Final year sports psychology student Rhys Phillips has returned home after representing Wales in the Men’s Curling European Championships 2012 in Sweden from the 8-15 December. The 20-year-old from Flintshire in North Wales has played the sport for nine years and was called up to the senior squad to represent his country in the competition.
Rhys and his four team mates spent ten days in Karlstad in category B of the Championships which was eventually won by Finland. It is the first time that he has made the step up from the youth to the senior team as they develop the next generation of players.
“Curling is a tactical game so visualisation techniques and knowing how to cope under pressure are really important in a competition."
Rhys attributes some of his success to studying a sports psychology degree course that teaches not only the theory but the application of knowledge. He has actively engaged in shot visualisation and employed imagery techniques to cope with competitive pressures and improve his game.

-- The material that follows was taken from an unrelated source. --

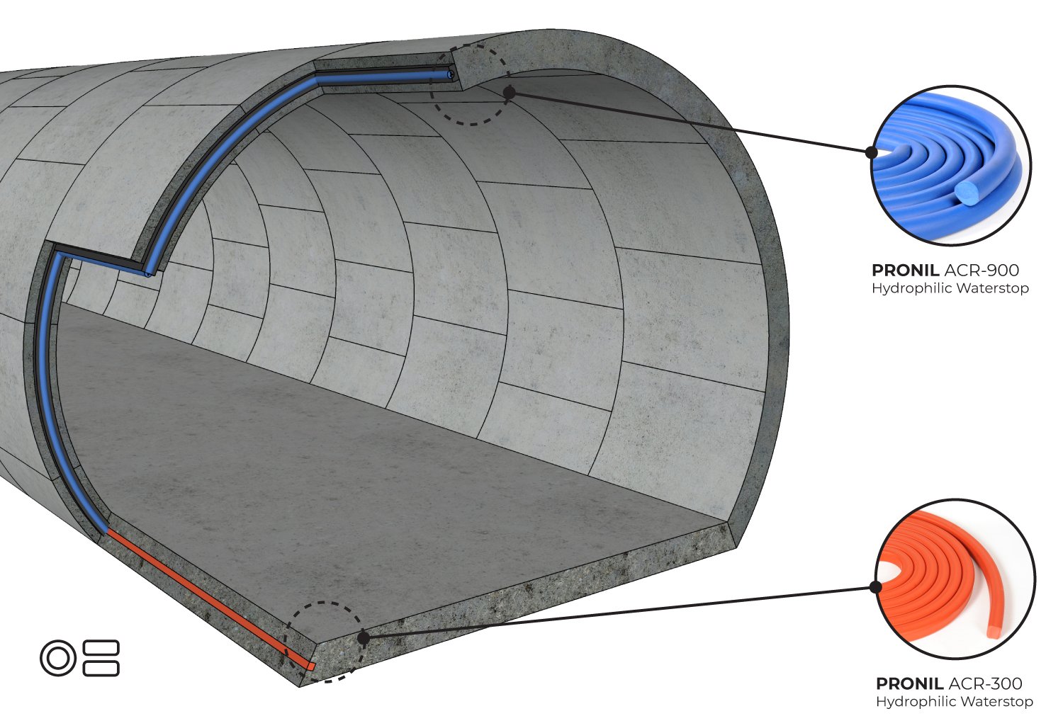 In tunnel construction, PRONIL ACR-900 and ACR-300 hydrophilic waterstops are placed at segment joints to block water ingress. These expandable seals activate when exposed to moisture, ensuring the joints between tunnel segments remain watertight. This application enhances structural durability and prevents leakage in underground tunnel environments.
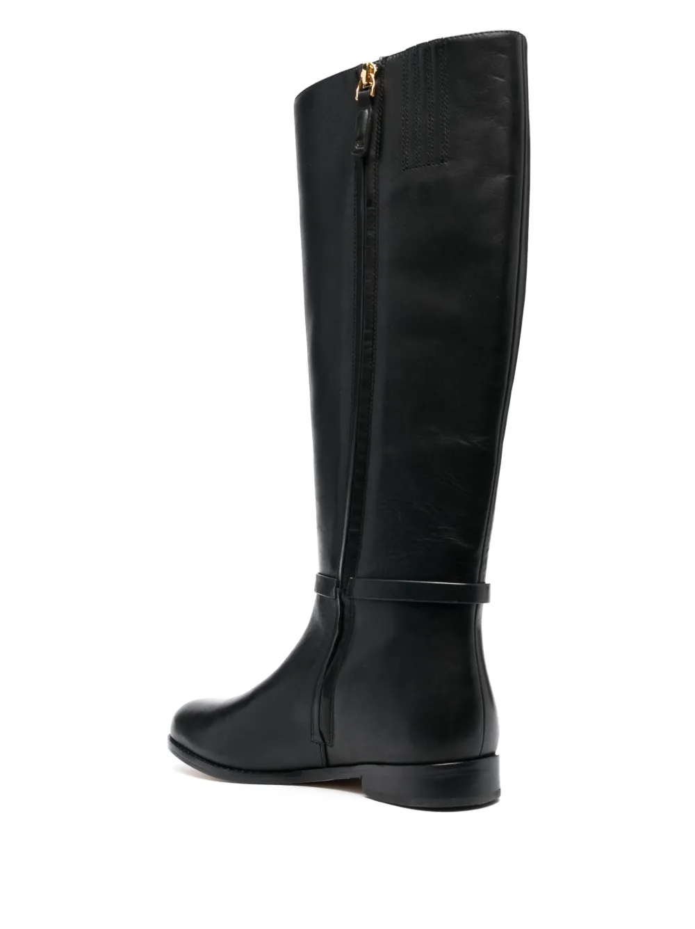 Черный, телячья кожа, золотистая фурнитура, металлический логотип, миндалевидный носок, застежка на молнии сбоку, длина по колено и низкий каблук.

He said: “Curling is a tactical game so visualisation techniques and knowing how to cope under pressure are really important in a competition. We play in a stressful environment; controlling my thoughts and emotions helps me to cope with the intensity of the situation.
“It’s a dream come true to be selected for the senior curling team. My dad first introduced me to the sport nine years ago and ever since I was selected for the junior team I knew I had it in me to represent Wales as a senior player. I now want to build on my experience in Sweden and hopefully take part in other international competitions.”
Rhys trains weekly with the national squad and when he isn’t studying at UCLan, also plays for his local team Alyn Valley 73. After graduation Rhys wants to study for a Masters in sports psychology and apply his skills to curling, rugby or football.